If the season started tomorrow, Dixon would probably have a strong case to start at the two. While UVA has some pieces returning in Gertrude and Carrere, they are more unproven commodities due to their limited sample size. Additionally, I would still expect Virginia to target another guard to back up Mallory at the point.
Even if he does not technically start, Dixon should play starter-level minutes. A realistic early expectation is somewhere in the 22-to-28 minute range, with the upside for more if his defense translates and his shooting holds against ACC athletes. He played heavy minutes at UC Irvine, and he produced efficiently while carrying a much larger offensive burden than he will likely have in Charlottesville. That should make the transition easier. He will not have to be Virginia’s first option. He just has to be one of several reliable ones.
Offensively, the fit is obvious. Odom’s Virginia has leaned into a more modern identity: more pace, more spacing, more perimeter shooting, and more freedom than the old Bennett-era style.
He gives Virginia another player who can punish help off the ball. That is especially important with De Ridder and Grünloh returning up front. De Ridder is an All-ACC First Team player, but sometimes struggles when facing double teams. Additionally, Grünloh’s development as a rim runner, offensive rebounder, and interior presence also becomes more dangerous when defenses cannot shrink the floor. Dixon’s shooting should make both players’ lives easier.
He also helps Mallory. One of the big questions for Virginia next season is how much offensive responsibility Mallory can handle as a sophomore point guard. He is electric, and his role is going to grow. But asking him to be the only consistent advantage creator would be a lot. Dixon gives him a backcourt partner who can take pressure off the ball, initiate secondary actions, and keep defenses honest when Mallory gets two feet in the paint.

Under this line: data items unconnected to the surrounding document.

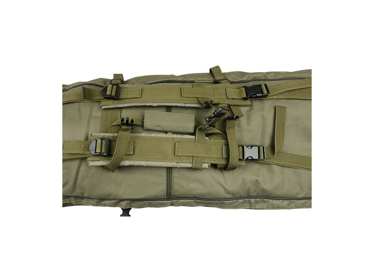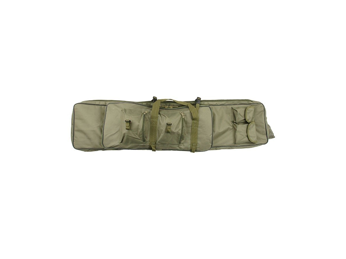 Geanta destinata transportului replicilor de airsoft. Aceasta geanta prezinta 2 compartimente de depozitare. Un compartiment cu lungimea de 120 cm destinat replicilor de dimensiuni mari, un compartiment mai mic pentru pistoale sau replici de dimensiuni mici si patru buzunare in partea frontala pentru folosite pentru depozitarea incarcatoarelor, grenadelor sau altor accesorii. Compartimentele sunt prevazute cu fermoar cu cap dublu. Geanta este prevazuta cu sisteme de asigurare a replicilor in interiorul compartimentelor.
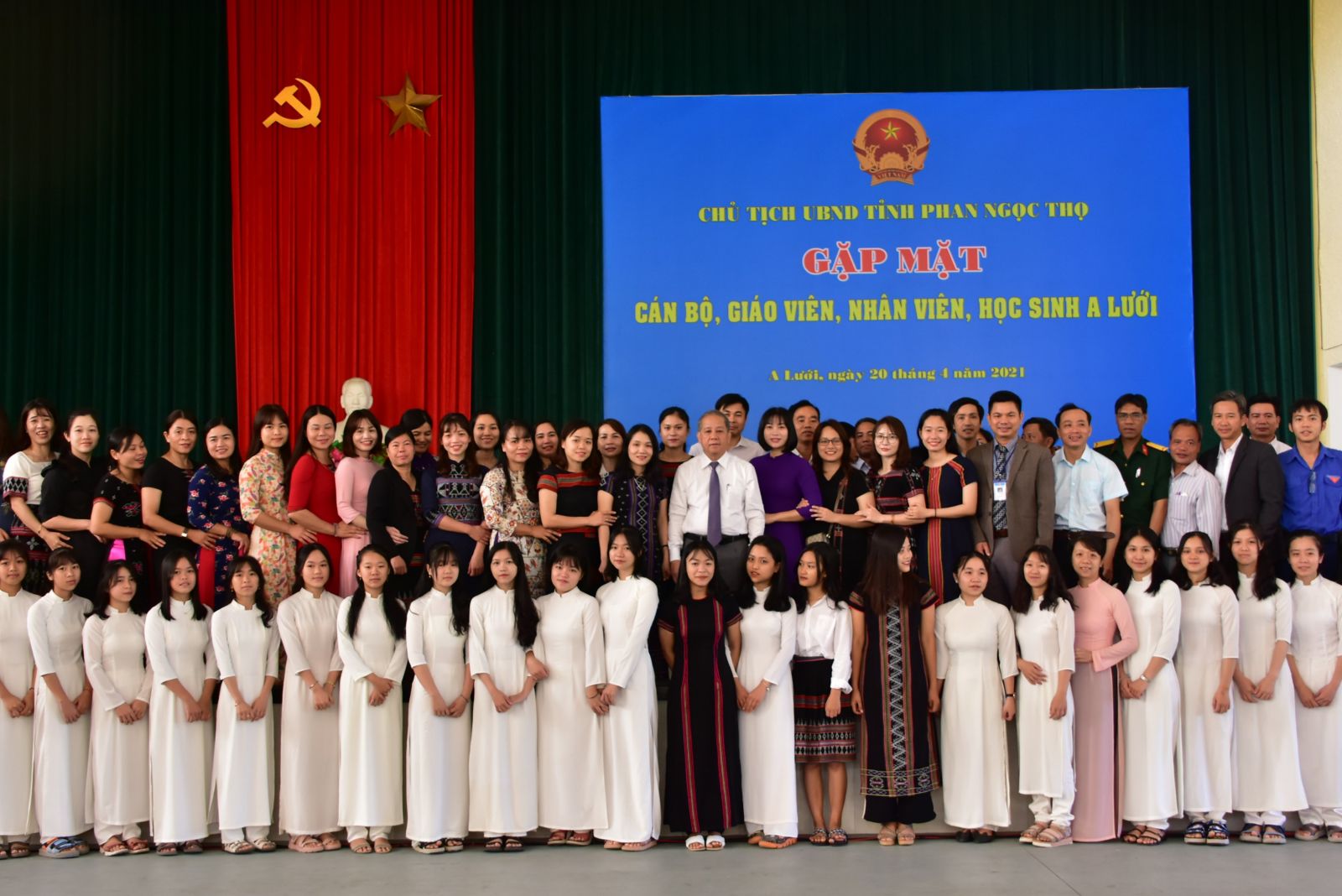Tại buổi gặp mặt, Chủ tịch UBND tỉnh Phan Ngọc Thọ vui mừng khi được nói chuyện với hơn 800 học sinh, giáo viên Trường THPT A Lưới. Chủ tịch UBND tỉnh cho biết, sau Hương Thủy và TP. Huế, A Lưới là địa phương thứ 3 ông lựa chọn nhằm trao đổi về các lĩnh vực kinh tế - xã hội, đặc biệt là phát triển ngành giáo dục tỉnh nhà.
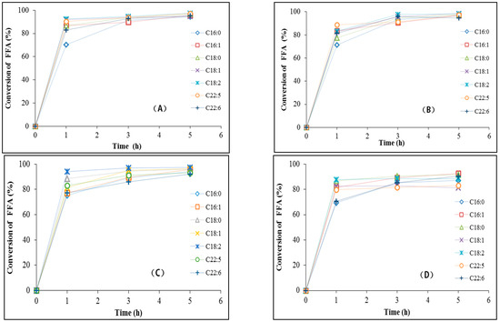 Considering that lipase might show a substrate specificity towards different FFAs, the conversion of different FFAs, including PUFAs, was further compared, as shown in Figure 15.
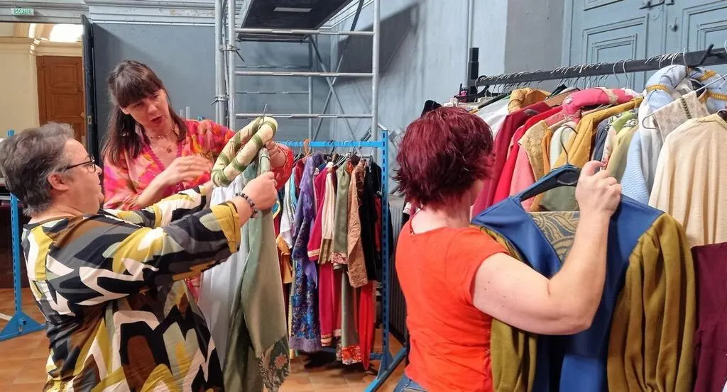 Rose écoutant les conseils de Rachel, bénévole, pour le choix d’un costume pour les prochaines médiévales. © Ouest-France
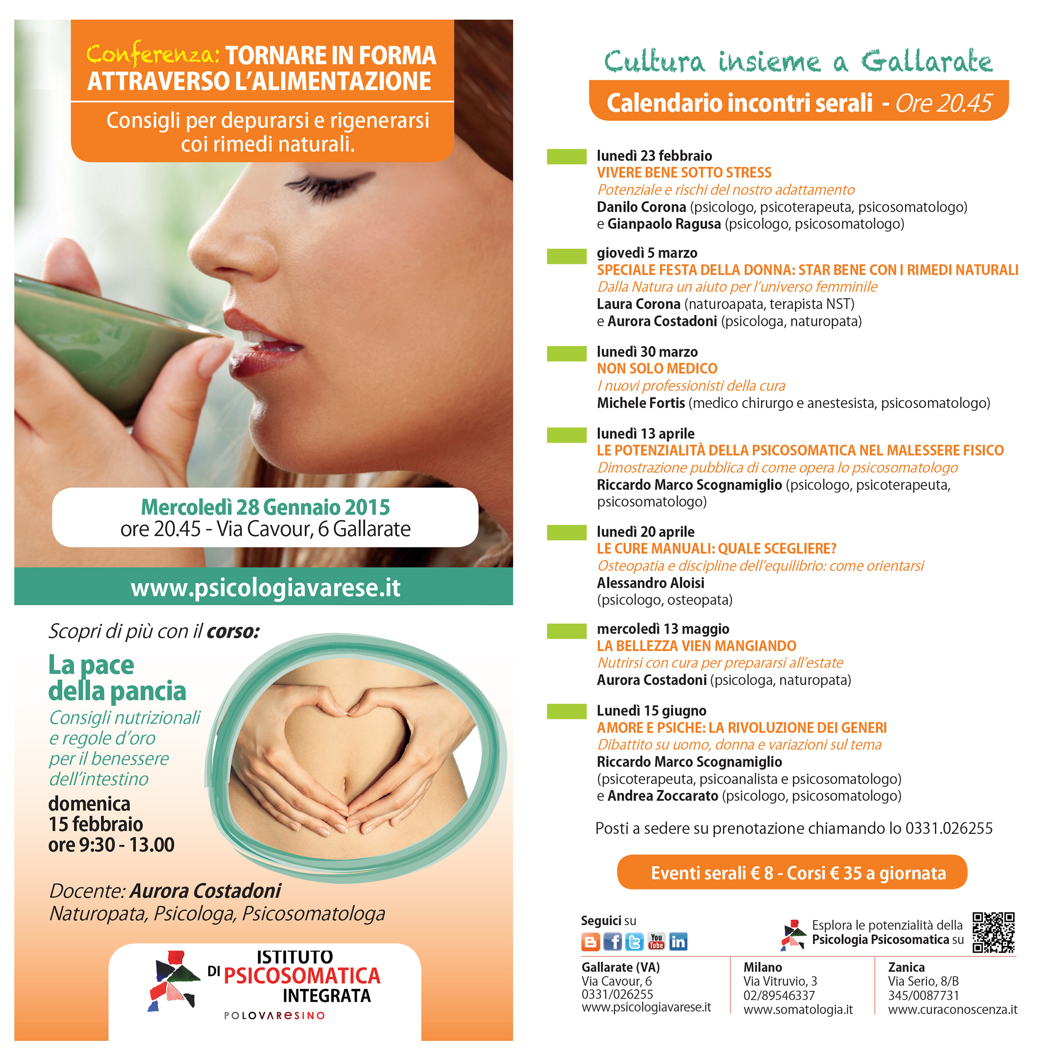 Posti a sedere su prenotazione chiamando lo 0331 026255 o scrivendo a info@psicologiavarese.it
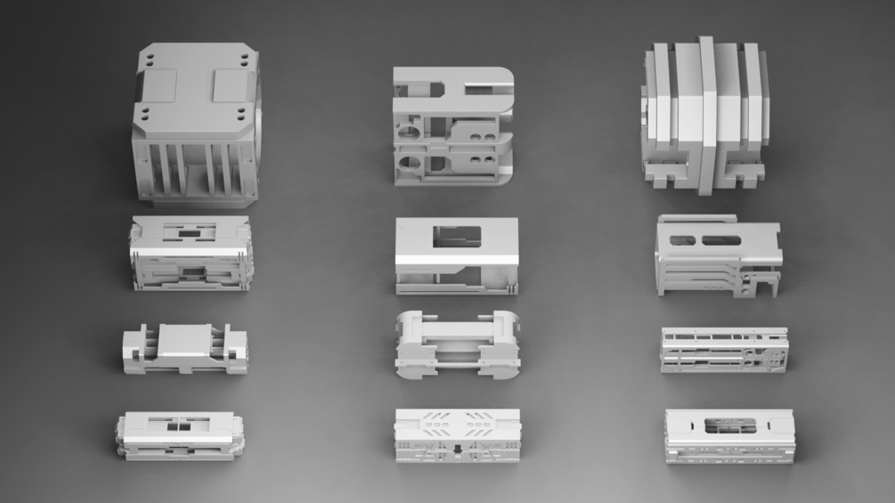 All assets are UV mapped, and constructed with non-subd topology. Note that the medium poly assets contain dense chamfers for rounded surfaces, but do not have fillets on hard edges. Since these objects have a lower level of detail, they are ideal for creating distant, complex environments, low resolution concepts, or remeshed sculpting bases. The high poly assets use a fillet on all hard edges to provide a smooth, high resolution edge—perfect for kitbashing a high resolution hard surface object.

Dixon has already shown he can be that kind of player. In January, he scored a career-high 26 points against Cal State Bakersfield while shooting 8-for-13 from the field and 6-for-7 from three.

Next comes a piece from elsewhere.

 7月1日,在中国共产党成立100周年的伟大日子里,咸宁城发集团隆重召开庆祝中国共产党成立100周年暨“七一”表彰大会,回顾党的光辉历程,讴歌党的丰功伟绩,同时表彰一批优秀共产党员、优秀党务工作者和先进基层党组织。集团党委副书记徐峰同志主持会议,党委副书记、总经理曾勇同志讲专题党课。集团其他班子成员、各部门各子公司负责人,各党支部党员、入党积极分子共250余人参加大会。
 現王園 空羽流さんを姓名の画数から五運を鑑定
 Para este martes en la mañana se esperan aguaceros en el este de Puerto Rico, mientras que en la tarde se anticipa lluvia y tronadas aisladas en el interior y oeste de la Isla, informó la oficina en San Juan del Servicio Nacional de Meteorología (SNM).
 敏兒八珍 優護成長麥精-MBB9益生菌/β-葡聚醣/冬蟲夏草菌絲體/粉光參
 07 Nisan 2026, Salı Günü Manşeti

Defensively, the question is how quickly he adjusts to the level of physicality, speed, and scouting detail in the ACC. At 6-foot-4, he should be able to guard most twos and some threes. He also averaged 1.1 steals per game last season, which points to some activity and anticipation. But Virginia will need him to be more than active. Odom’s system this past season was predicated on short runs when players go all out on both sides of the floor, so the style of defense will likely be an adjustment for Dixon.
It’s also important to note the UC Irvine connection here. Devin Tillis transferred from UC Irvine to Virginia last offseason and became part of Odom’s first UVA team. Tillis’ positive experience in Charlottesville could not have hurt. At a minimum, Virginia had recent experience evaluating and integrating a productive UC Irvine transfer. And if Tillis had good things to say about the program, the staff, and the transition from the Big West to the ACC, it is easy to imagine that helping Dixon feel comfortable with the move.

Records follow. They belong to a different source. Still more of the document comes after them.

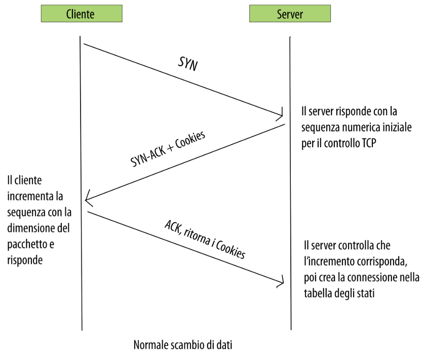 其中一种防护方式是SYN Cookie, SYN Cookies 的应用允许服务器当 SYN 队列被填满时避免丢弃连接。相反,服务器会表现得像 SYN 队列扩大了一样。服务器会返回适当的SYN+ACK响应,但会丢弃 SYN 队列条目。如果服务器接收到客户端随后的ACK响应,服务器能够使用编码在 TCP 序号内的信息重构 SYN 队列条目。
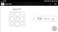 і тепер ультразвуковий датчик справно звітує про відстань до об'єкта попереду (120 см на скріншоті)! легкий дотик до віртуально джойстика — і марсохід поїхав.
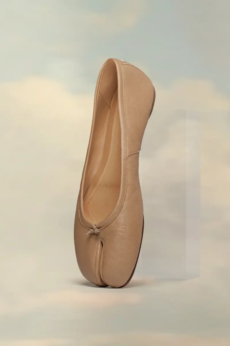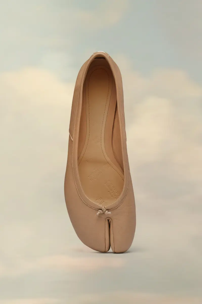 Las bailarinas Tabi en suave napa presentan la puntera dividida Tabi, inspirada en el tradicional calcetín japonés del siglo XV que lleva el mismo nombre, lanzado para la colección de debut de la Maison en 1989. Captura el espíritu vanguardista e insubordinado de la Maison y existe como un clásico heredado, continuamente explorado a través de cada colección.
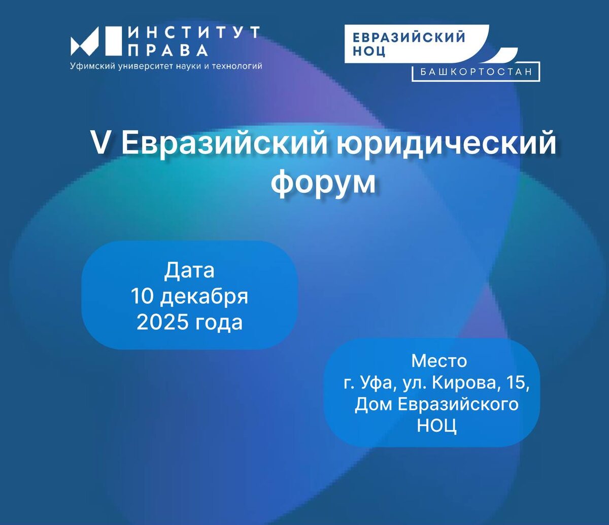 🔹🔹🔹🔹🔹 V Евразийский юридический форум 10 декабря 2025 года 10 декабря 2025 года пройдёт V Евразийский юридический форум, посвящённый одной из ключевых тем современности: влиянию историко-правовых основ национальной идентичности на трансформацию российского законодательства и судебной практики. 🔹 Пленарная дискуссия объединит ведущих юристов, учёных и практиков для конструктивного диалога о балансе между традиционными ценностями и вызовами глобализации. 🔹 В рамках Форума состоятся три научные секции, где будут рассмотрены актуальные вопросы права, идентичности, справедливости и защиты прав человека. 🔹 По итогам мероприятия выйдет сборник статей, включённый в научные базы и индексирующие системы. 🎯 Основная цель Форума - выявить перспективы развития правовых механизмов, способных обеспечить гармоничное развитие общества в условиях современных трансформаций, укрепляя основы справедливого правопорядка и уважение к человеческому достоинству. Научные секции: 1️⃣ Секция 1: Истор
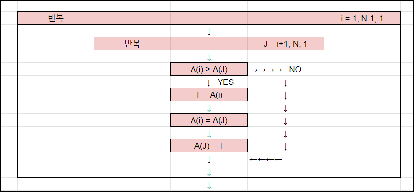 A(i) > A(J) 가 YES여서 교환한다면 작은 값이 앞으로 보내지기 때문에 오름차순,

Given the monetary costs and playing time realities, the Cavaliers were not just trying to find talent. They were trying to find a player who made sense with the roster, who could accept a role on a team with returning pieces, and who could still raise the ceiling. Dixon fits that description better than a lot of higher-profile portal options would have.
The roster is still probably not finished. Virginia could still use more frontcourt depth behind Grünloh and De Ridder, and adding another perimeter piece would not hurt. But Dixon is a meaningful first domino. For a team that had been waiting for its first portal win while the rest of the sport kept moving, this is exactly the kind of pickup Virginia needed.